In Vivo Transcatheter Hepatic Intra-Arterial Infusion of aPD-L1-Z-Fer

The demonstrated highly efficient binding or blocking affinity of aPD-L1-Z-Fer to PD-L1 could be particularly beneficial for catheter directed local immunotherapy of immune-suppressive HCC. Since HCC receives most blood supply from the hepatic artery, image-guided transcatheter-directed IA delivery allows controlled local delivery of various therapeutics in HCC regions. Here the inventors evaluate that IA infusion of aPD-L1-Z-Fer enhances PD-L1 blockade efficiency and successfully modulates immune-suppressive TME for the treatment of HCC. Firstly, in vivo targeting and binding efficacy of IA infused aPD-L1-Z-Fer was observed with MRI, histology, and pharmacokinetics. aPD-L1-Z-Fer or aPD-L1@Fer (equivalent amount to 1 mg/kg aPD-L1) was delivered to rat N1S1 HCC tumor via digital subtraction angiography (DSA) assisted transcatheter IA infusion (FIG. 3B). As a control, 1 mg/kg concentration of aPD-L1 was systemically injected into the tail vein (IV). Approximately 1 hour after IA infusion of aPD-L1-Z-Fer, MR T2 weight images clearly showed significant signal reduction around the rim of the tumor, indicating accumulated aPD-L1-Z-Fer. However, T2 signal reduction in the groups of IA infusion of aPD-L1-Z-Fer (CNR, 13.6) was much higher than aPD-L1@Fer (CNR, 8.2) (FIG. 3C). Prussian blue histology analysis further confirmed high localization of IA-infused aPD-L1-Z-Fer (FIG. 3D). IA infused aPD-L1-Z-Fer showed increased positive Prussian blue signal (3.28%) around the HCC than aPD-L1@Fer (1.27%) (FIG. 3D). Investigation of circulating aPD-L1 in blood serum after IA infusion of samples demonstrated the retention of locally delivered aPD-L1 using aPD-L1-Z-Fer. The area under the plasma concentration-time curve over the 24 hours (AUCO-24) of non-binding aPD-L1 in the blood was 1.46 mg h/mL in the IA infusion of aPD-L1-Z-Fer. aPD-L1@Fer showed 0.99 mg h/mL, which was almost 1.5 folds higher than aPD-L1-Z-Fer (FIG. 3E). Conclusively, in vitro and in vivo evaluation demonstrated enhanced localized aPD-L1 delivery and binding efficiency of aPD-L1-Z-Fer in HCC.

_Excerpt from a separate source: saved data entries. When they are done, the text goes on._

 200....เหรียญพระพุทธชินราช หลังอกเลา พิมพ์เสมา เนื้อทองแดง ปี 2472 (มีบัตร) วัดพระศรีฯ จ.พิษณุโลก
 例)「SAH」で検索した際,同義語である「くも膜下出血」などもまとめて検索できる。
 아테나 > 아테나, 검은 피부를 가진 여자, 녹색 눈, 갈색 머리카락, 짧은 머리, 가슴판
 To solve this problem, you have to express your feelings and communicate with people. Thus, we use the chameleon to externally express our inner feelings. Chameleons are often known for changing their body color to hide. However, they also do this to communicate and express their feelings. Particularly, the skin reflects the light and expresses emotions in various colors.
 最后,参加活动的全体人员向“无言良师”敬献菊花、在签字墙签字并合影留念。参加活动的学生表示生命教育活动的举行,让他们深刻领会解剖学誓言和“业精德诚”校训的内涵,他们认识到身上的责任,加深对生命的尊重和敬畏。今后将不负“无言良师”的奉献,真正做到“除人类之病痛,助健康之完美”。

In Vivo HCC Response of IA Infused aPD-L1-Z-Fer

Next, the potential therapeutic efficacy of IA-infused aPD-L1-Z-Fer was evaluated in N1S1 HCC rats. aPD-L1, aPD-L1@Fer, and aPD-L1-Z-Fer (equivalent amount of 10 mg/kg of aPD-L1) were delivered into HCC via hepatic IA injection as described previously (FIG. 4A). Then MRI traced tumor size changes for 14 days. Immune characterization and histological analysis were performed to evaluate the therapeutic efficacy of IA-infused aPD-L1-Z-Fer. As shown in MR images, the tumor growth was significantly suppressed with IA infusion of aPD-L1-Z-Fer compared to aPD-L1 (IV), aPD-L1 (IA), and aPD-L1@Fer (FIGS. 4B and 4C). Relative tumor growth volume changes of the group treated with IA infusion of aPD-L1-Z-Fer compared to other groups were each 8.1, 5.3, 6.0, and 3.6 times less than aPD-L1 (IV), aPD-L1 (IA), and aPD-L1@Fer (FIG. 4D). Also, the tumor growth rate of aPD-L1-Z-Fer was only a 2.6% increase per day, significantly different with aggressive N1S1 tumor growth rate (71.3% per day) in non-treated group (FIG. 4E). H&E and TUNEL stained HCC tissues showed corresponding tumor regression and robust tumor cell death by IA infused aPD-L1-Z-Fer (FIGS. 4F and 4G). Immunohistochemistry of CD3 positive cell staining also demonstrate significant T cell accumulation to the HCC in the local immunotherapy of IA infused aPD-L1-Z-Fer (FIGS. 4F and 4G). Quantitative analysis of TUNEL staining and CD3 positive staining imposes the tumor specific T cell mediated adaptive immune responses (FIGS. 4G and 13). Notably, the same dosage of IV infused aPD-L1 as shown in FIG. 1 or IV infused aPD-L1 was not effective in regressing HCC tumor growth as IA infused aPD-L1-Z-Fer. Local delivery and enhanced binding affinity of aPD-L1-Z-Fer were critical for the anti-cancer therapeutic efficacy of a PD-L1 cancer immunotherapy.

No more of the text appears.